Example: Building a real-time order-wide view (single view) with TapFlow Python SDK
This script reads from multiple MySQL source tables in the 'MySQL_Demo' connection,
joins them into a nested order document, and writes the result to a MongoDB collection.
"""
from tapflow.lib import *
from tapflow.cli.cli import init
# Initialize TapFlow configuration
init()
# Create a new data flow task
orderView = Flow("Order_SingleView_Sync")
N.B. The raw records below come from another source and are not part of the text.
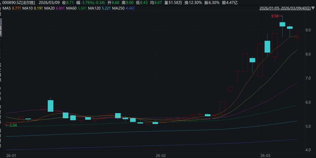 公告发布后的3月5日,法尔胜虽仍大幅高开,但最终以9.15元/股(不复权)收盘。3月9日,法尔胜股价以8.68元/股开盘,前述涨势未能延续。
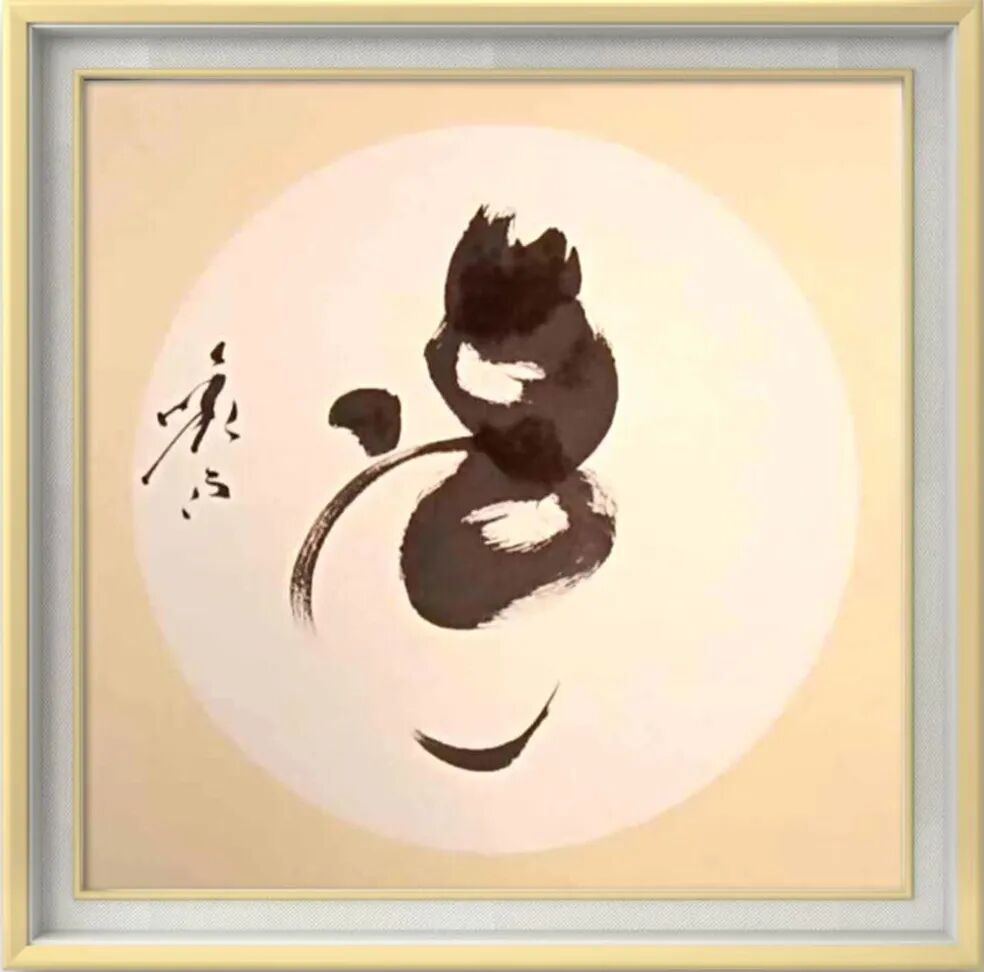 这方独特的“百岁猴寿”,出自意象书法创始人张松之手。作为中国首创意象书法中“猴寿”题材的开拓者,张松将书法艺术与生命寓意熔铸一炉:他在练习太极与修道时,从道家“昔日猴寿八百岁”的典故中汲取灵感,把“百”字与“寿”字叠加,用刚柔相济的笔触勾勒出形似猿猴的相形字,字间藏着太极图案,恰似将“长寿”“圆满”的祈愿刻进了笔墨肌理。
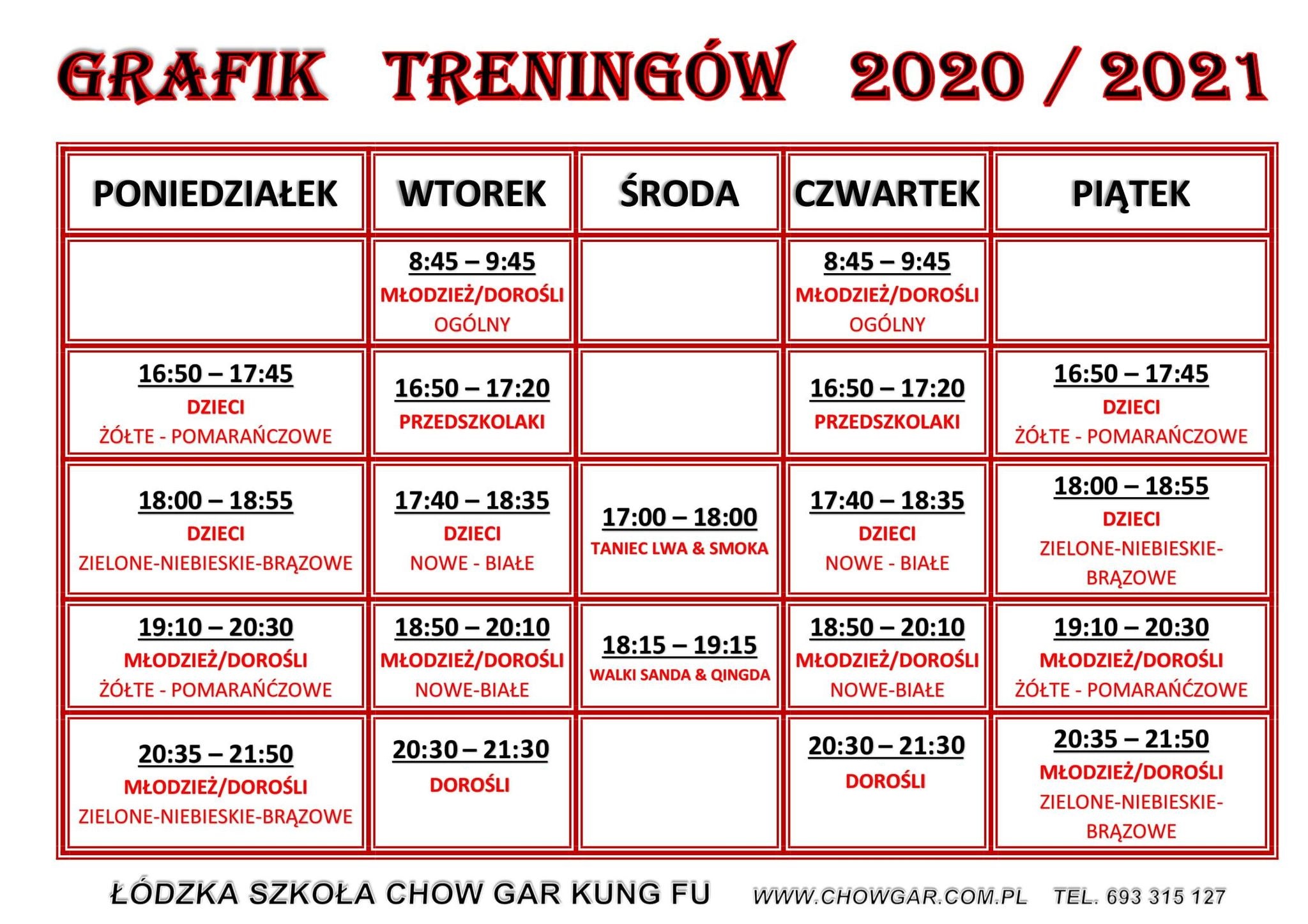 Od 7 września rozpoczynamy nowy rok treningowy 2020/2021. Prosimy zapoznać się z nowym grafikiem zajęć oraz regulaminami szkoły.

# Set the main source table for orders
orderView.read_from("MySQL_Demo.orders")
# Add user profile as a nested document
orderView.lookup(
"MySQL_Demo.users",
path="user_info",
type="object",
relation=[["user_id", "user_id"]]
)
# Add order items as an array
orderView.lookup(
"MySQL_Demo.order_items",
path="product_items",
type="array",
relation=[["order_id", "order_id"]]
)
# Flatten product details into each order_item
orderView.lookup(
"MySQL_Demo.products",
path="product_items.product",
type="object",
relation=[["product_items.product_id", "product_id"]]
)
# Define the MongoDB target collection
orderView.write_to("MongoDB_Demo.orderSingleView")
# Save and start the flow
orderView.save()
orderView.start()
print("Real-time wide-table task started.")
# Monitor task status
while True:
current_status = orderView.status()
if current_status == "running":
print(f"Task status: {current_status}")
break
elif current_status == "error":
print("Task failed to start. Please check your configuration or logs.")
break
Example Output When you run the script, you should see logs similar to:
Real-time wide-table task started.
Task status: running
Verify Results
Once your task is running, log in to your target MongoDB to explore the new view. Here’s an example document illustrating the nested structure:
{
_id: ObjectId('6868d470d9b9cd512feb6b69'),
order_id: 'o2001',
order_amount: Decimal128('759.97'),
order_status: 'PAID',
order_time: 2025-01-02T10:00:00.000Z,
payment_method: 'CREDIT_CARD',
user_id: 'u001',
product_items: [
{
quantity: 1,
item_id: 'i3001',
product_id: 'p101',
order_id: 'o2001',
category: 'Electronics',
product_name: 'Smartphone',
unit_price: Decimal128('699.99')
},
{
quantity: 2,
item_id: 'i3002',
product_id: 'p102',
order_id: 'o2001',
category: 'Accessories',
product_name: 'Phone Case',
unit_price: Decimal128('29.99')
}
],
user_info: {
city: 'New York',
country: 'USA',
signup_time: 2024-12-20T12:00:00.000Z,
user_id: 'u001',
user_level: 'GOLD',
user_name: 'Alice'
}
}
This structure is analysis-ready, API-friendly, and tailored for real-time use. Analysts can easily filter and aggregate orders, marketing can segment by user attributes, and developers can serve complete order details in a single API response without expensive joins.
What’s Next?
- Monitor your task to track throughput and latency in real time.
- Validate data accuracy using built-in tools or source queries.
- Publish the view as an API so other teams or systems can consume fresh, structured order data via REST or GraphQL.